- **PROBLEM TO SOLVE**: Reproduce, character for character, the entries from their opening line through the line with "Centre hospitalier Pierre".

- **RECORDS SUPPLIED**:
::::::::::
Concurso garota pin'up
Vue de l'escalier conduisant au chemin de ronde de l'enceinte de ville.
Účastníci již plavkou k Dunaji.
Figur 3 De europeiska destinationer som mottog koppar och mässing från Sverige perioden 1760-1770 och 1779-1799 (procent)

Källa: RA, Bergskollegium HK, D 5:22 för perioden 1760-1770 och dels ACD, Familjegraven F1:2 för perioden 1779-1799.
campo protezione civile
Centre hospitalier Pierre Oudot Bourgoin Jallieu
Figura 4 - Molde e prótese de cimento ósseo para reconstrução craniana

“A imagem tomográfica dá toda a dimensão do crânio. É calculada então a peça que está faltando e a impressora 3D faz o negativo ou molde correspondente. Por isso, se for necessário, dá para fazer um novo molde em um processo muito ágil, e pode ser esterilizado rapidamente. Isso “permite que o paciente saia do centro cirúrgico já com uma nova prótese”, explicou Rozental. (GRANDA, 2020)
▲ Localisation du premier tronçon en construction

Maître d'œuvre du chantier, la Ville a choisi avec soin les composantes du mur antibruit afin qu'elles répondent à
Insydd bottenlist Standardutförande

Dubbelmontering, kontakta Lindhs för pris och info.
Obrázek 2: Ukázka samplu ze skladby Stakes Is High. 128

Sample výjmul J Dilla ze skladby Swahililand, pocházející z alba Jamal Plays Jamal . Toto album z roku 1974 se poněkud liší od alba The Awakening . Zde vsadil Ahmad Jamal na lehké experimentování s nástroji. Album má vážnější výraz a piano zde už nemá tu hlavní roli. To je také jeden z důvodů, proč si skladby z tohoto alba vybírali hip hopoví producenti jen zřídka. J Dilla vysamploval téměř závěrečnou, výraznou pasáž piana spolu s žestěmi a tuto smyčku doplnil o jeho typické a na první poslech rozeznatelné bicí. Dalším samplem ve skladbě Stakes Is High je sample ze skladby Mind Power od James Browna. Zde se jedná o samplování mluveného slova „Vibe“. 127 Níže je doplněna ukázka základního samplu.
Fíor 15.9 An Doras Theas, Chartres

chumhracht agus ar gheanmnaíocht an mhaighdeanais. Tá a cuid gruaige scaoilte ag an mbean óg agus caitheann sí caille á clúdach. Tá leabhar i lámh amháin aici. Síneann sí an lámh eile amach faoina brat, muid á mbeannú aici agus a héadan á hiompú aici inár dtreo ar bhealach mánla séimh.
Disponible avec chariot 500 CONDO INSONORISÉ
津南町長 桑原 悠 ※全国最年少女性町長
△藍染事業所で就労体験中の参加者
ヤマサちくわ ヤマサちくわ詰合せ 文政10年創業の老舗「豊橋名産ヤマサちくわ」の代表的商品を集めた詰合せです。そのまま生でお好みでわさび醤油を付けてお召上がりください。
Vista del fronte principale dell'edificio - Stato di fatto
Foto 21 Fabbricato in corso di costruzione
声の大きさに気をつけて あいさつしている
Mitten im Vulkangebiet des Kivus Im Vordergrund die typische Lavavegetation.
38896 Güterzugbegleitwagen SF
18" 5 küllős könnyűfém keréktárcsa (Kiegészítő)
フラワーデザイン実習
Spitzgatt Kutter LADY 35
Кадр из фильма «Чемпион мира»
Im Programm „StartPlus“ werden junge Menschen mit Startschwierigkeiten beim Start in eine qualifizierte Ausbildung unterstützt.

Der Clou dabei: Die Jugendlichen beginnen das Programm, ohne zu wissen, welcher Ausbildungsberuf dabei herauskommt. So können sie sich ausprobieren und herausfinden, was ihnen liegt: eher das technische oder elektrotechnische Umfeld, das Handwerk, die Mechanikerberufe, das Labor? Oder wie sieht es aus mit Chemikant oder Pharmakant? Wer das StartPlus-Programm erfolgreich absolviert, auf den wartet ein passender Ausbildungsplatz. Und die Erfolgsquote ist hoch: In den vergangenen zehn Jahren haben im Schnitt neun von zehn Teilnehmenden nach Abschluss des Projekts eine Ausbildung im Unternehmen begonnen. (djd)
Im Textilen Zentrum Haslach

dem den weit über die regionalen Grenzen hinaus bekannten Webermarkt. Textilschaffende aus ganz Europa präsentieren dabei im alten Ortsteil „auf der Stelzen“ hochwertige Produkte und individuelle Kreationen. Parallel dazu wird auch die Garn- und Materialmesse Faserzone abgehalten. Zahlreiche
::::::::::
- **FINISHED EXERCISE**:
Concurso garota pin'up
Vue de l'escalier conduisant au chemin de ronde de l'enceinte de ville.
Účastníci již plavkou k Dunaji.
Figur 3 De europeiska destinationer som mottog koppar och mässing från Sverige perioden 1760-1770 och 1779-1799 (procent)

Källa: RA, Bergskollegium HK, D 5:22 för perioden 1760-1770 och dels ACD, Familjegraven F1:2 för perioden 1779-1799.
campo protezione civile
Centre hospitalier Pierre Oudot Bourgoin Jallieu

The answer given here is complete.